Meski demikian, penurunan ini belum tentu bisa merangsang masyarakat untuk melakukan pembelian rumah. "Pada akhirnya masyarakat yang menentukan cukup atau tidak," ujar Darmin di kantornya, Kamis (16/6) malam.
Tapi dengan penurunan BI rate dan inflasi yang terjaga, semua kemungkinan termasuk peningkatan pembelian properti masih bisa terjadi. Apalagi kebutuhan akan properti setiap tahunnya terus tumbuh.
"Kita ga usah menurunkan ini (LTV) terlalu besar. Susah juga mengharapkan itu (pembelian properti) ditengah situasi ekonomi seperti ini," ujar Darmin.
Sebelumnya, dalam kebijakan BI, uang muka yang harus dibayar oleh nasabah turun rata-rata sebesar 15 persen dari semula 20 persen berdasarkan jenis rumah yang dibeli. Aturan ini berlaku bagi bank yang memiliki rasio kredit bermasalah untuk KPR dan NPL total di bawah 5 persen.

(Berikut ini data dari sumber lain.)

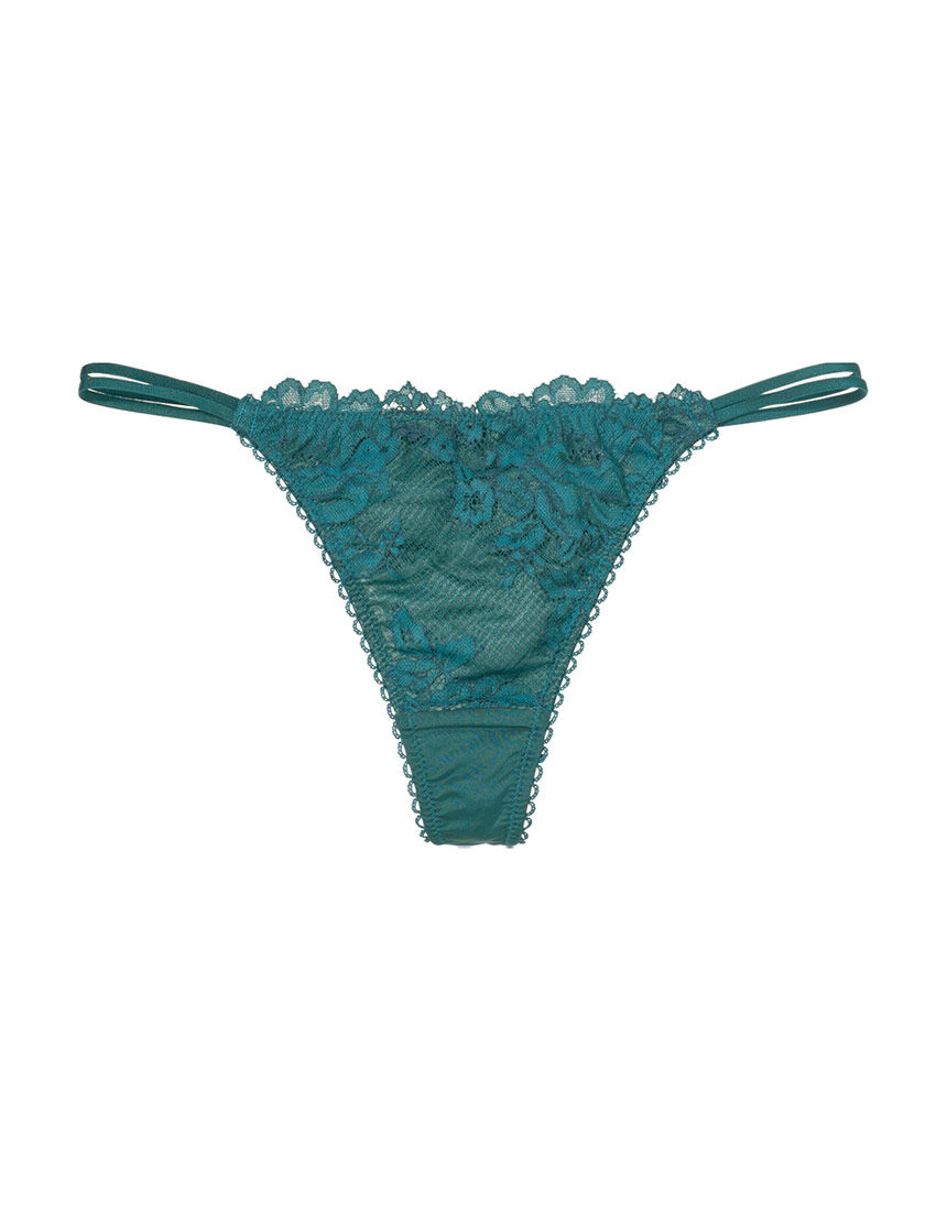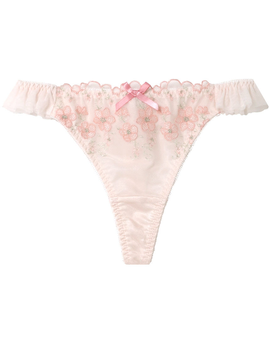 【フロント】・大輪の花柄レースに薄手の生地を裏打ちして透けにくい。・サイドは、伸縮性のある華奢なWストリング。【バック】・面積広めのストレッチ生地に、波型のストレッチレースをトリミング。・くい込みにくく優しいフィット感なので、Tバックショーツにあまり慣れていない方にもおすすめ。【はき込み】・ローライズ(浅め)
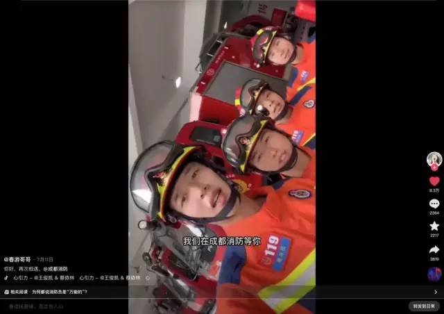 没想到,“成都消防”官方账号看到后@牛钰,邀请她参加直播活动。
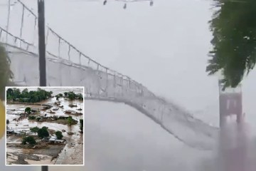 Momento en que el tifón hace sonar el puente como si estuviera hecho de papel y la tormenta mata a 8 personas
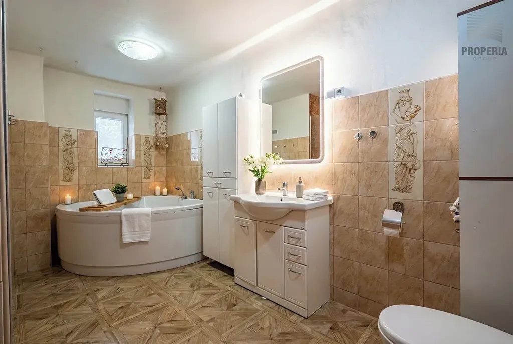 Prostorná koupelna: 10,15 m² s vanou i sprchovým koutem
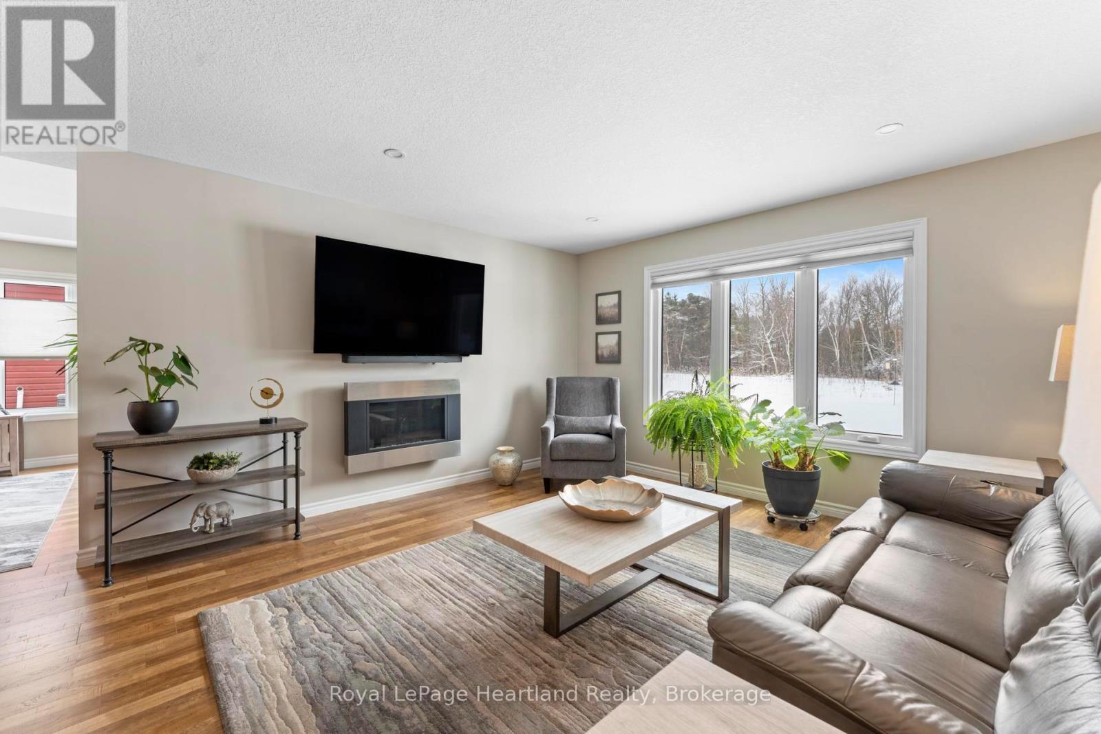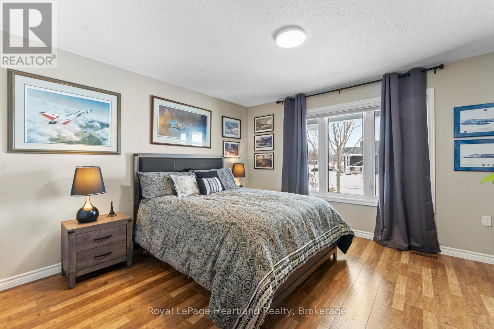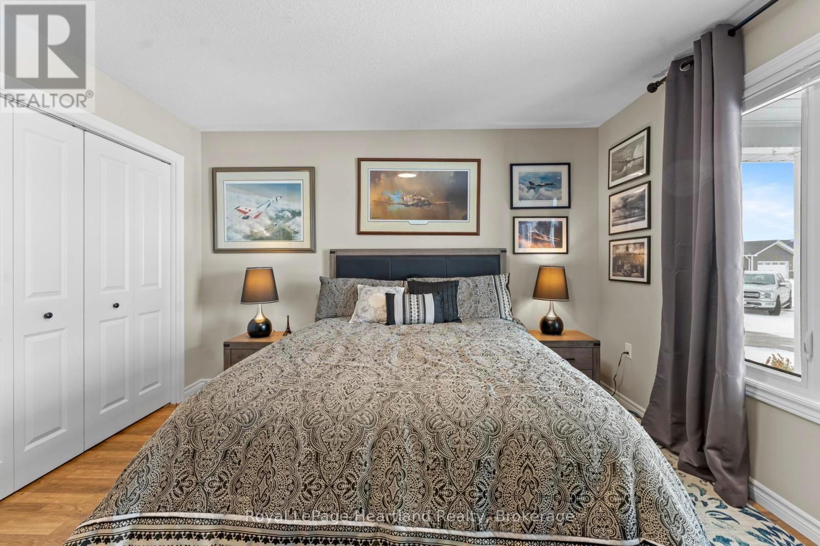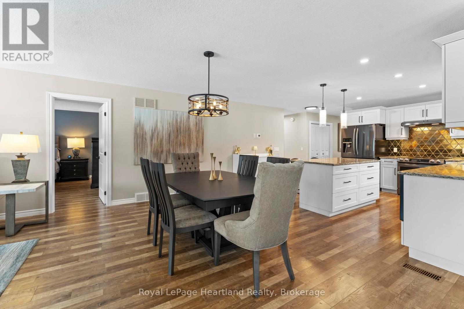 Prime location near the lake! Set in the highly sought-after Bluffs at Huron, this immaculate bungalow backs onto an open field and natural environment, offering a peaceful backdrop and privacy, while still being a short stroll to the community rec centre, lake access, and all the lifestyle perks that make this waterfront neighbourhood so desirable. This impressive "Lakeside with Sunroom" model offers approx. 1,455 sq ft of designed living space and a long list of quality upgrades. Curb appeal shines with manicured landscaping, mature trees and an inviting front porch. Inside, the bright, welcoming layout is finished with high-end continuous flooring and upgraded lighting. The custom kitchen is a standout with abundant cabinetry topped with crown moulding, soft-close doors, quartz countertops, tile backsplash, under-cabinet lighting, an enlarged centre island, built-in microwave, high-capacity range hood fan, Bosch panel dishwasher, and induction stove. The kitchen flows seamlessly into the dining area and sunroom featuring a tray ceiling and patio doors to the outdoors. Step outside to a spacious south-facing composite deck complete with gazebo, privacy wall, and a professionally installed 16' x 16' stone patio-perfect for entertaining or quiet evenings. The generous primary bedroom offers a walk-in closet and 3-piece ensuite. A second bedroom and a stylish 4-piece main bath complete the main level; both baths are upgraded with quartz counters, tile details and glass sliding shower doors. Relax in the living room beside the contemporary low-profile Solas gas fireplace with remote. Enjoy plenty of storage with multiple closets, a full crawl space, and an attached two-car garage. Bonus: six appliances included. Located in an upscale land lease community with a private recreation centre and indoor pool, close to shopping and several golf courses. Book your private showing today! (id:51300)
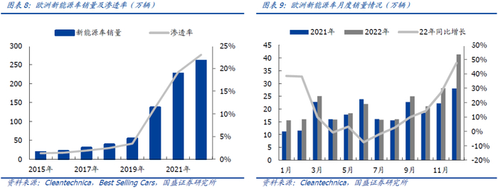 2023年欧洲需求复苏可期。在俄乌冲突影响的减小下,预计今年新能源车将得到复苏,预计销量在309万辆,同比增长19%,渗透率达27.4%。

Ketentuan yang baru berlaku efektif per Agustus 2016 ini juga dilakukan untuk pembiayaan melalui mekanisme indent. Selain penurunan pada properti konvesional, terdapat pelonggaran pengaturan pencairan kredit yang juga berlaku pada pembiayaan dengan prinsip syariah.
Pada pembiayaan rumah tapak, rumah susun, rukan sampai fasilitas kredit atau pembiayaan kedua, juga terdapat pelonggaran kredit melalui sistem indent. Kredit tetap akan cair tanpa harus menunggu rumah selesai dibangun.